Nous avons obtenu des résultats similaires lorsque nous avons enquêté sur les rapports Internet selon lesquels le mot fuck est un acronyme de fornication sous le consentement du roi (ou diverses expressions alternatives), et le mot shit est un acronyme de ship high in transit. Les fausses histoires imaginatives déployées pour soutenir ces affirmations s’évaporent généralement à l’examen. Les exemples de ce phénomène sont si nombreux que quelqu’un a inventé un surnom astucieux pour le désigner : le backronym, défini par le blog Oxford Dictionaries comme  » un acronyme délibérément créé pour s’adapter à un ou plusieurs mots particuliers, soit pour créer un nom mémorable, soit comme une explication fantaisiste de l’origine d’un mot. « 

Ainsi, nous n’avons pas été surpris de constater qu’aucun des dictionnaires que nous avons consultés ne retrace l’origine du mot tag, tel qu’il est utilisé pour désigner le jeu des enfants, à un acronyme. Notant que sa première utilisation dans ce sens remonte à 1738, le Merriam-Webster indique que l’origine du mot tag est inconnue. Selon l’Oxford English Dictionary (OED), le mot est apparu au milieu du XVIIIe siècle et est « peut-être une variante de tig ». Quant à l’origine de tig, l’OED nous dit qu’il est entré dans l’usage courant au début du XVIIIe siècle et qu’il est « peut-être une variante du verbe tick. »

Aussi spéculatives que soient ces connexions étymologiques, avec le mot tick nous nous trouvons sur ce qui ressemble au moins à un terrain solide. Voici encore l’OED :

Origin

Moyen anglais (comme verbe dans le sens de ‘tapoter, toucher’) : probablement d’origine germanique et apparenté au néerlandais tik (nom), tikken (verbe) ‘tapoter, toucher’. Le substantif a été enregistré en anglais moyen tardif comme  » une légère tape  » ; les sens actuels datent de la fin du 17e siècle.

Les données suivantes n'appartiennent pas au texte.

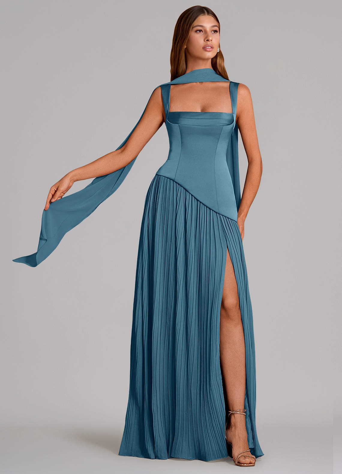 Vestido Bermudas de Cetim elástico de Linha A com Plissado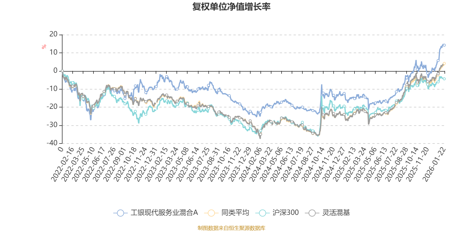 截至1月22日,工银现代服务业混合A近三个月复权单位净值增长率为13.00%,位于同类可比基金395/1286;近半年复权单位净值增长率为29.08%,位于同类可比基金456/1286;近一年复权单位净值增长率为34.74%,位于同类可比基金599/1286;近三年复权单位净值增长率为17.10%,位于同类可比基金619/1286。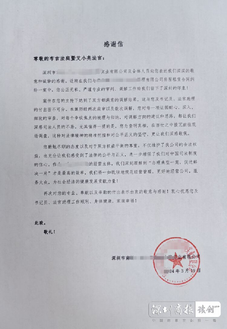 近日,本案双方当事人共同把一面锦旗和一封感谢信送到龙岗法院,称“案件在法官的主持下达到了双方都满意的调解结果”,对法官的“勤勉尽职”表示感谢。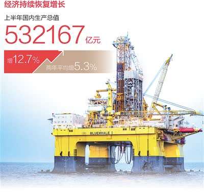 经济持续稳定增长。初步核算,上半年国内生产总值同比增长12.7%,高于6%以上的年度预期目标。其中,二季度同比增长7.9%,两年平均增长5.5%,比一季度加快0.5个百分点。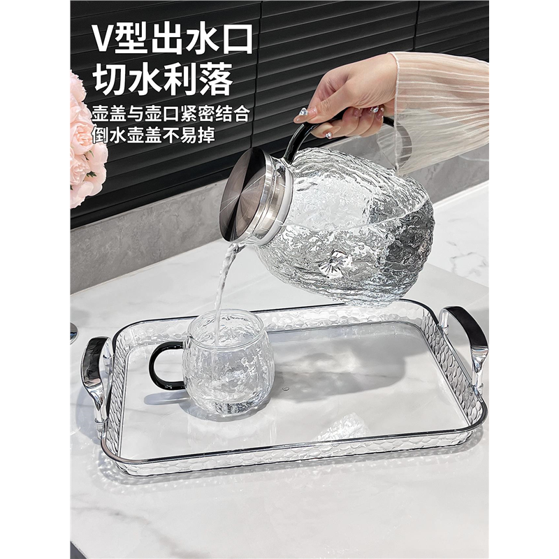 水波纹玻璃冷水壶耐高温家用耐热凉水壶大容量凉白开水杯茶壶套装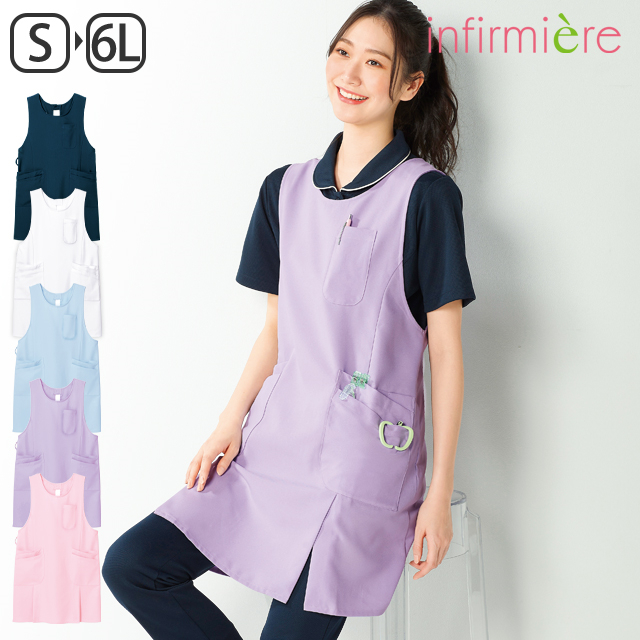 保育士 エプロン ナース ナースエプロン 看護師 保育士 介護士 歯科衛生士 医療 予防衣 無地 アンファミエ ダブルスリット多機能ポケットエプロン(男女兼用)
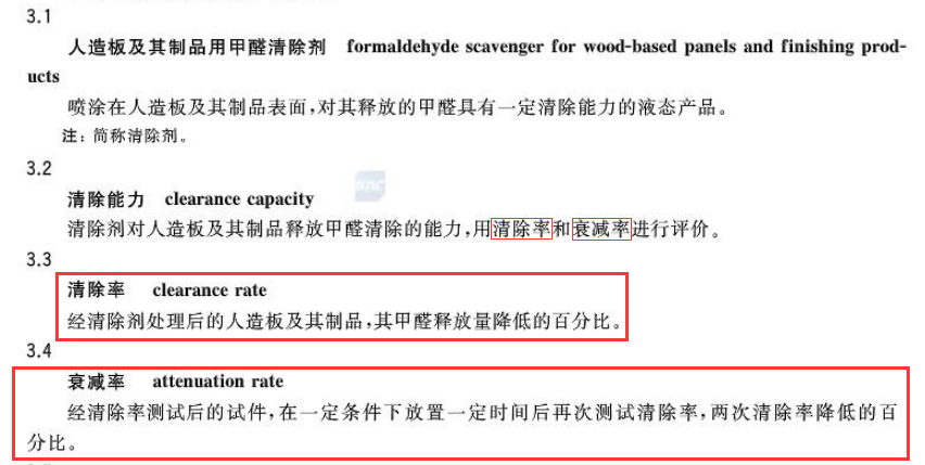 根據(jù)國家標(biāo)準(zhǔn),驗(yàn)證人造板甲醛清除劑的清除能力的有兩個(gè)指標(biāo)非常重要,一個(gè)是測定24小時(shí)效果的“甲醛清除率”,還有一個(gè)測定長期效果的“衰減率”。“衰減率”就是在7天之后,再測一次甲醛清除率,然后把7天后的甲醛清除率與24小時(shí)的甲醛清除率作比較,看前后兩次清除甲醛的效果降低了多少,計(jì)算出來的降低比率就是“衰減率”。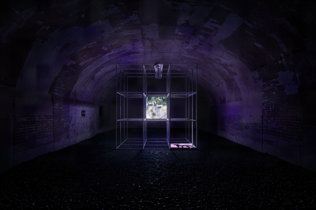 The installation is composed of two LED screens, a 3m3 modular aluminum structure and a sound source.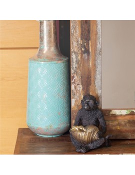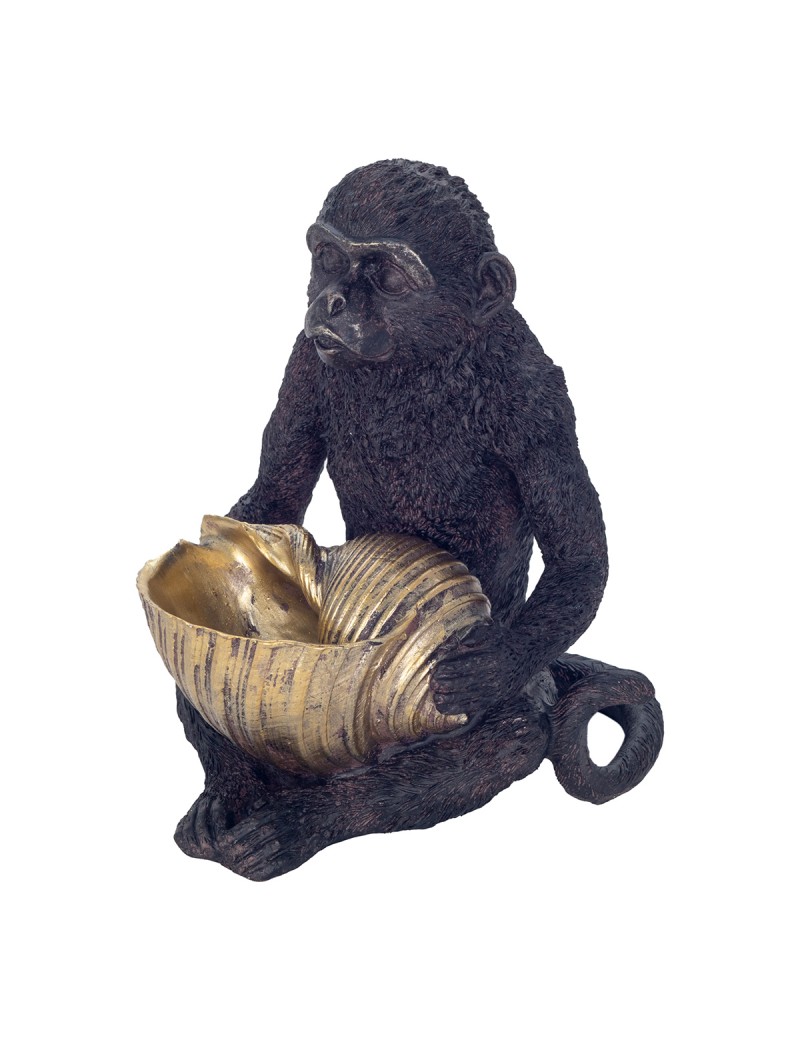 Décoration pratique, une Statue de Singe assis avec un Coquillage vide poche de couleur Or.

Il s’avère que tick, tig, tag et touch sont tous des noms qui ont été utilisés pour le jeu des enfants en anglais au cours des siècles. Écrivant pour la British Library, le folkloriste et historien social Steve Roud avait ceci à dire sur les « jeux de poursuite » et leurs noms :

Il est impossible de le vérifier, mais il y a fort à parier que les enfants du monde entier se sont toujours poursuivis pour s’amuser, et que dans la plupart des sociétés, ils en ont fait le plus simple des jeux de poursuite que nous appelons – selon l’endroit d’où vous venez – « tig », « tag », « tick », « it », « he » ou « touch ». Un enfant poursuit les autres en essayant de les toucher ; celui qu’il touche devient temporairement « ça » et est maintenant le poursuivant jusqu’à ce qu’il en touche un autre. Le jeu, et le nom « Tick », remontent au moins au début du XVIIe siècle, lorsqu’ils entrent pour la première fois dans les écrits en Grande-Bretagne.

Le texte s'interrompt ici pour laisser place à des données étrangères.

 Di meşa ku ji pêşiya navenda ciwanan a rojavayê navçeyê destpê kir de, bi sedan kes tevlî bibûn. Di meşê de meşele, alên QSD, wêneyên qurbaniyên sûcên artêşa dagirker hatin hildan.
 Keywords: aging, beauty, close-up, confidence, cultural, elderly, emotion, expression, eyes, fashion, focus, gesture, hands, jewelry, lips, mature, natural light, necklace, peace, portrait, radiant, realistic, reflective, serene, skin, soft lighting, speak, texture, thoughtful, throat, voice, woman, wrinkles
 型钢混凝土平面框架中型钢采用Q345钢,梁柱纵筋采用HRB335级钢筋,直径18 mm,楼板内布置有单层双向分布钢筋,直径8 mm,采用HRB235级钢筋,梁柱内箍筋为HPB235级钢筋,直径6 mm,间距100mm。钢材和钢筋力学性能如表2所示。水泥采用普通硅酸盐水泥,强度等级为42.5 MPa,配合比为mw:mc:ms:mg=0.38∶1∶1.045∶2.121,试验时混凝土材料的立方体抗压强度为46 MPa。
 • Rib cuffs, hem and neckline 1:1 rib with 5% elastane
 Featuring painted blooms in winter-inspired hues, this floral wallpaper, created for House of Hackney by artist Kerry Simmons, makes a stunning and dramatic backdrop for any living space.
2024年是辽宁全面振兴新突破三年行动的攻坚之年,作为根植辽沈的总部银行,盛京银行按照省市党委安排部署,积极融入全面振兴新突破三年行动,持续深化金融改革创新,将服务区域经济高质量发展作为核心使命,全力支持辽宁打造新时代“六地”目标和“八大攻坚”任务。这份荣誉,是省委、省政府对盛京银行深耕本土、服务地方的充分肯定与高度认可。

The Modern Playmate, a Book of Games, Sports and Diversions, publié en Angleterre en 1875, se réfère exclusivement à ce passe-temps sous le nom de « tig »:

Tig.

C’est le plus simple de tous les jeux. Parmi un certain nombre de joueurs, l’un d’entre eux fait « Tig », et essaie d’attraper et de toucher n’importe lequel des autres indifféremment ; le joueur ainsi touché devient tig dans son tronc jusqu’à ce qu’il touche quelqu’un d’autre. Le joueur touché ne peut pas toucher en retour tant qu’il n’a pas d’abord chassé un autre joueur.

Et bien qu’elles ne soient pas concluantes, les preuves suggèrent que le jeu que la plupart des anglophones connaissent aujourd’hui sous le nom de « tag » était plus connu dans les temps anciens par des variantes du mot comme « tig » (et l’est toujours, dans certaines régions), ce qui contredit l’affirmation selon laquelle le nom est né comme un acronyme de touch and go. Quoi qu’il en soit, aucune source réputée ne cite l’acronyme comme étant son origine.

Tout cela étant dit, nous trouvons des instances publiées remontant à au moins cent ans dans lesquelles tag est associé à l’expression touch and go. Voici, par exemple, un poème publié en 1912 qui fait référence à  » un jeu de tag, Touch and go  » :

Dans la même veine, un morceau de musique pour piano plein de verve intitulé  » A Game of Tag « , publié en 1902, comprend la note explicative suivante :  » Touch and go. Bon pour toutes sortes de jeux de course. »

Pourtant, aucun de ces exemples n’affirme que tag « représente » touch and go. Ce que ces exemples indiquent, c’est que l’expression « touch and go » a été utilisée pour décrire l’activité appelée « tag », et non qu’elle était la source acronymique du nom.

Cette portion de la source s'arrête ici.